When both Vietnamese and returned servicemen from the Vietnam War started to report strange illnesses and an unusually high incidence of uncommon cancers and birth defects amongst their children, alarm bells rang but it took many years before the symptoms became obvious enough to point to a common link. US Food and Drug Administration researcher Jacquiline Varrett proved that only one part per trillion caused birth defects in embryos. When it was diluted 1 million times, it was as still as toxic as Thalidomide (a supposedly harmless sedative prescribed to pregnant mothers in the 1950s, to combat morning sickness. It later proved to cause serious birth defects)

The main reagent in Agent Orange, 245-T is banned in some countries but sold here as a weed killer, under the name "Round Up". Other agricultural insecticides are also suspected of similar side effects and many are banned in some countries but not in others. This is why it is important for consumers to be informed where the product comes from. Many manufacturers dodge this by adding a comment like "Packaged in Australia" or "made from local and imported ingredients".

I don't want to know where it was packaged - I want to know what was packaged!

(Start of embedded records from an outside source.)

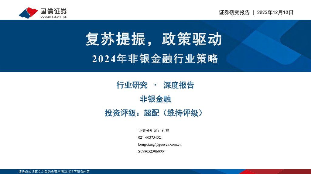 国信证券:2024年非银金融行业策略:复苏提振,政策驱动.pdf
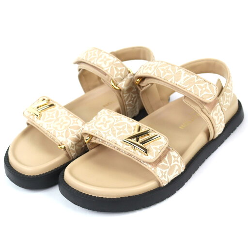 美品☆LOUIS VUITTON ルイヴィトン モノグラムデニム エスパドリーユ フラットシューズ スリッポン インディゴ 36 イタリア製 レディース【中古】
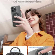 Elevate the way you hold, prop, and interact with your phone. This magnetic phone ring holder is designed to seamlessly snap onto any MagSafe-compatible phone or case, offering a strong hold and multipurpose functionality in a sleek, compact accessory. Whether you’re texting with one hand, taking flawless selfies, or binge-watching your favorite shows hands-free, this ring holder has you covered.
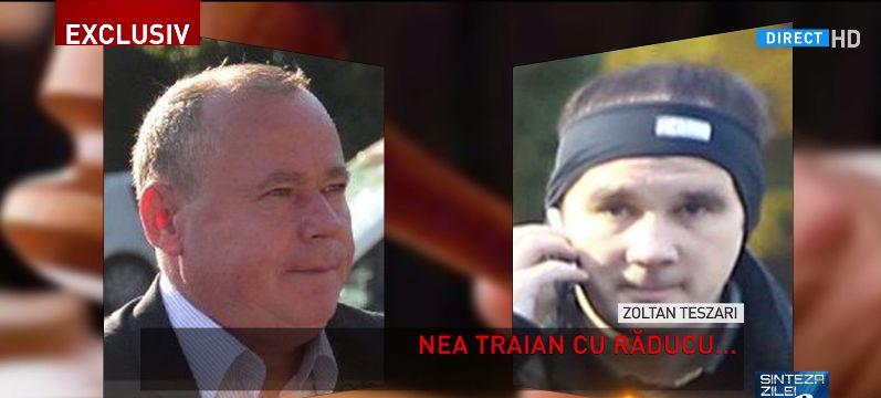 Într-o discuție cu subordonatul său Ioan Bendei, Zoltan Teszari îi spune acestuia că a fost vizitat de ”`nea Traian și Răducu” - nume ce duc cu gândul la Traian Băsescu și ginerele acestuia, Radu Pricop - care au stat la el ”până seara”.
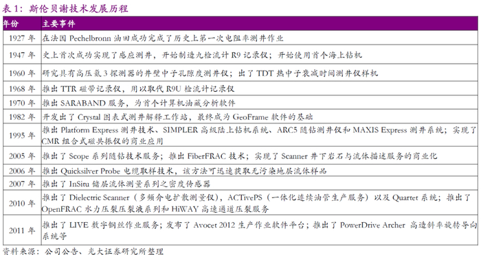 1952年,斯伦贝谢收购Forex钻机公司50%的股份,拓展了钻井服务及设备;1960年,斯伦贝谢与陶氏化学在北美成立了道威尔(Dowell)固井公司(持50%股份),拓展固井、压裂等服务。
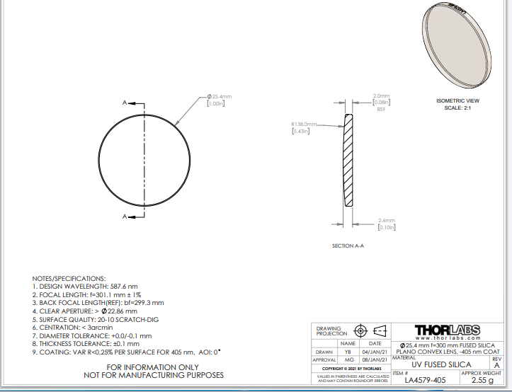Thorlabs索雷博 LA4579-405 平凸透镜
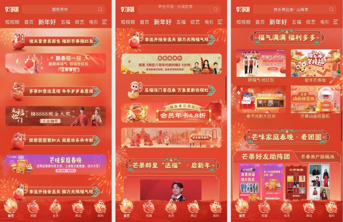 春节期间,芒果TV、湖南卫视特别策划“芒着接五福”新春特辑,以非遗、戏曲、文博等元素联动《国色芳华》《快乐再出发·山海季》等重点节目,实现破圈传播。大年初一到初七,湖南卫视全天时段均排名省卫第1,芒果TV日均日活用户同比上涨17%。
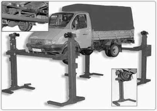 возможность организации рабочего места на любом свободном месте. Устанавливается на полу с допускаемым удельным давлением на него более 10 кг/см2 . 3.1.2. Подъемник ПП-6 передвижной автомобильный позволяет осуществлять подъем несколькими способами: за колеса, за колеса и за раму или лонжероны, только за раму или лонжероны. Возможен подъем практически всех типов автомобилей снаряженной массой не более 4,5 тонн и диаметром колесного диска от 20 до 22дюймов.
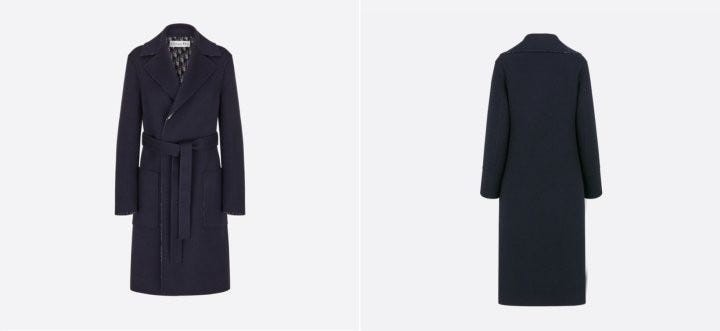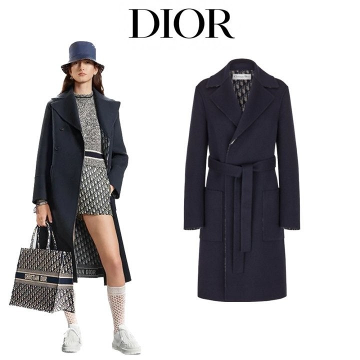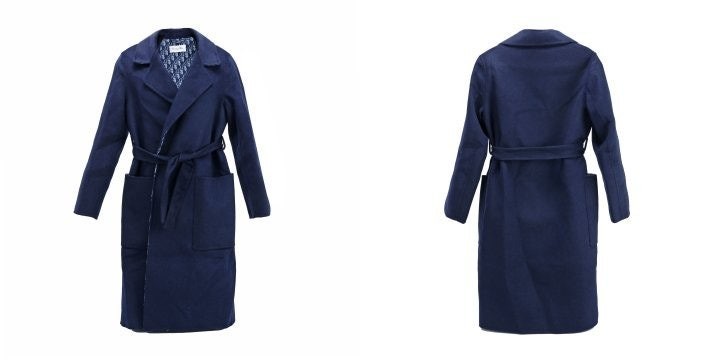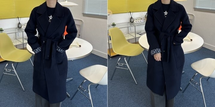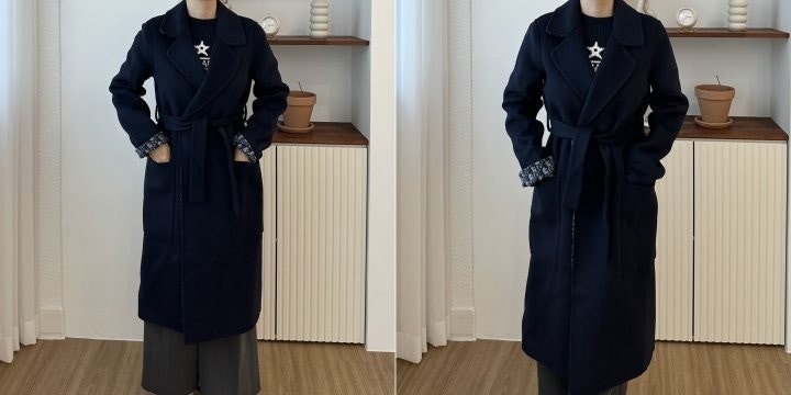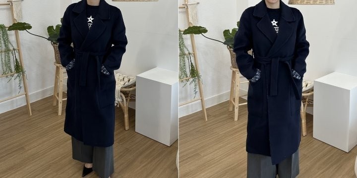 블루 컬러의 경량 양면 울소재로 타이 벨트가 웨이스트를 강조하고

And what sort of ingredients - melamine contaminated milk from china, dioxin rich fish from the Mekong river?

Food additives
We have become so engrossed in perfect looking food that producers are compelled to add additional substances to enhance the colour or flavour. Apples are sprayed with wax and polished, yellow dye is added to biscuits and cakes so they look more appealing. Even chooks are fed special feed with artificial additives to give orange-yellow yolks to their eggs. we keep so many, so close together, that they could infect each other, so we dose them up with antibiotics. A biologist was telling me that today, if a turkey escaped from a turkey farm, it could not survive in the wild any more. They have such a low immunity that they would probably die from contact with other birds.

Adulterated foods.

Manufacturers cannot fit all the information onto their product labels in many cases. Then there is the problem of protecting secret formulas from their competition. There is no simple answer that will satisfy the consumer and the manufacturer. To accommodate both, we sue a numeric system for additives. Additives are given a number and those numbers are listed on the food labelling. It is supposed to keep us, the consumer informed but how many of us take the additives codes booklet to our supermarket? The numbers can vary from country to country and some countries regard it compulsory to list certain additives, while others rely on the manufacturers discretion (a real worry when you think of Canada and their asbestos exports!)

Below is a list of links where you can find the codes for the various food additives:
Australian authorities are only testing about 5% of produce coming into Australia and they are not testing for a range of chemicals that we know have been used in other countries but are toxins, banned here. So there is real grounds for concern and we need to ensure our consumers are protected from this sort of exposure.